Foi então designado o Gilberto (?) Lindim Ramos que presidiu, e vários vogais, um deles o António Fonseca Ferreira, líder incontestado da base do Lumiar e meu antigo condiscípulo no Liceu Nacional da Guarda. Para além das inevitáveis informações, da análise da conjuntura e da definição dos objectivos políticos de curto e médio prazo, era necessário votar ali uma lista que recebesse legitimidade democrática para dirigir a CDE de Lisboa nas lutas que viriam. Era o último ponto da ordem de trabalhos e o mais polémico. Começaram aí as desinteligências, pois um grupo, que viria a formar o MES, pretendia que a cúpula fosse votada a partir das bases e não em lista de personalidades saída do Plenário em curso.
O PCP tinha uma opinião contrária bem como os que representavam uma linha que daria origem ao PS e outros democratas sem ortodoxia ideológica ou integração em grupos. Foi um requerimento meu que um médico, o Souto, também quis subscrever, que exaltou os ânimos mas pôs fim à discussão que penosamente se arrastava: “Pergunte-se à assistência se está esclarecida e, em caso afirmativo, passe-se à votação da lista proposta”. Gerou-se um burburinho. O requerimento foi execrado por uns e aplaudido pela maioria. O Fonseca Ferreira retaliou, demitindo-se da mesa logo que o requerimento foi admitido e lido. Os minoritários acusaram de antidemocráticos o requerimento e a lista. Discordavam da forma e da composição e insistiam que as bases designassem os delegados. Eram particularmente visíveis os “anticorpos” ao Mário Sotomayor Cardia, que integrava a lista. Sem consenso, a disputa deslocou-se para os aspectos formais da votação: por maioria simples ou qualificada (dois terços).

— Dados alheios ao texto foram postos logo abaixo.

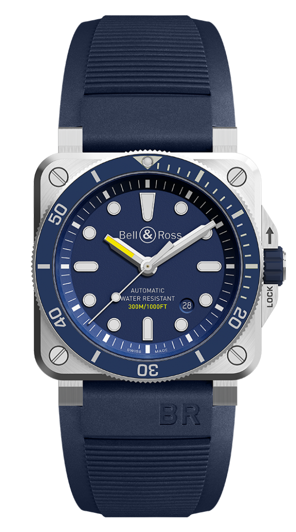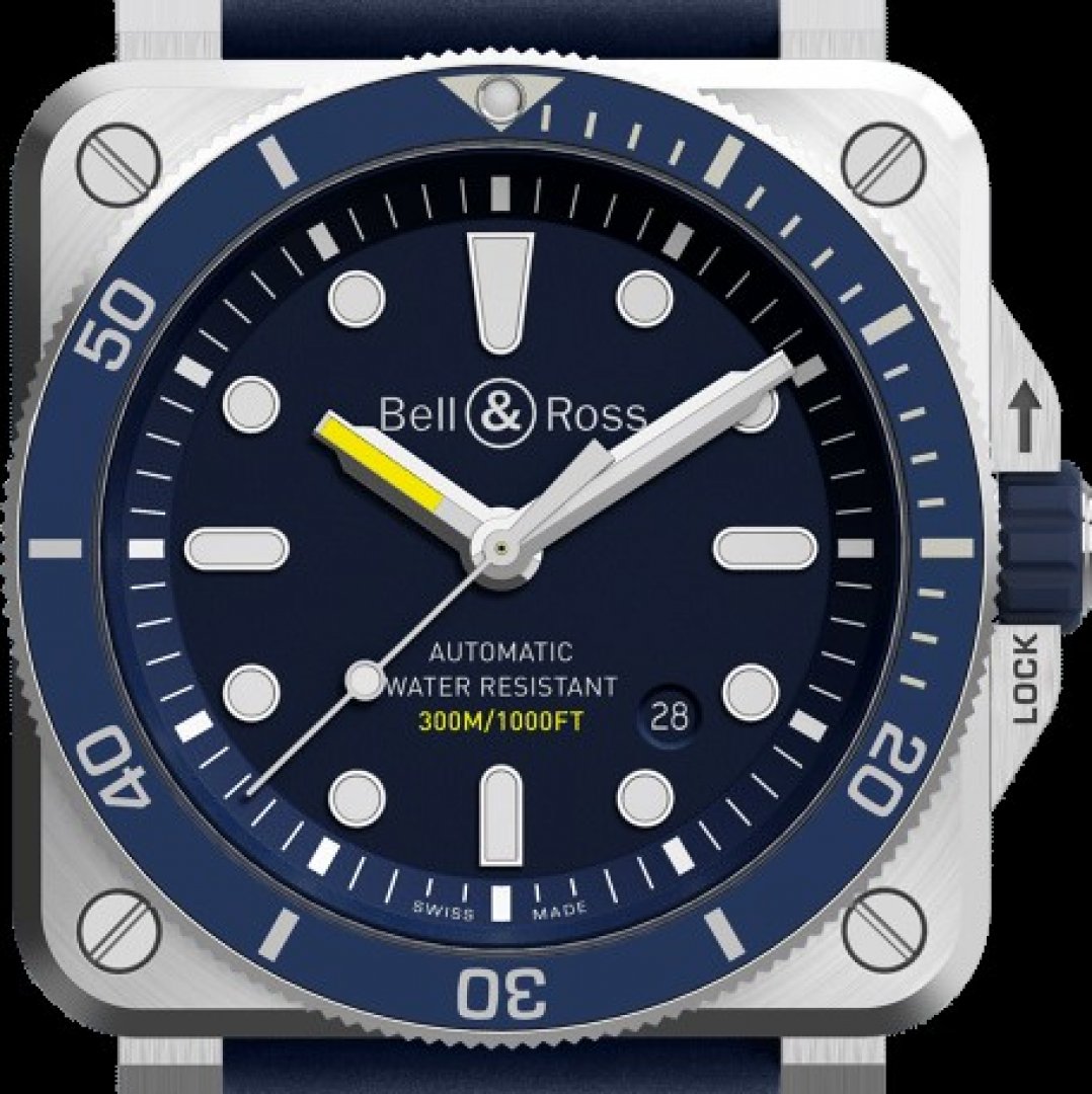 luxusní hodinky Bell & Ross BR 03 DIVER BLUE Ocel, Vode odolnost 300M, 42 mm. Hodinky disponují funkcemi luminiscence a ukazatel data. Základní parametry hodinek jsou: typ strojku je mechanické hodinky s automatickým nátahem, materiál řemínku je textil a kaučuk, vodotěsnost je 300 m a barva číselníku je modrá.

O cansaço e a fome facilitaram a decisão, com cerca de 80% de braços no ar a favor da maioria simples e os mesmos a legitimarem depois a lista perante uma revoada de aplausos. Ao meu lado, Vasco da Gama Fernandes, um dos poucos que levaram farnel, entusiasmado, fez questão de me cumprimentar.
Estava realizado o 1.º Plenário de militantes da CDE com a PIDE/DGS distraída. Lindim Ramos deu por encerrados os trabalhos.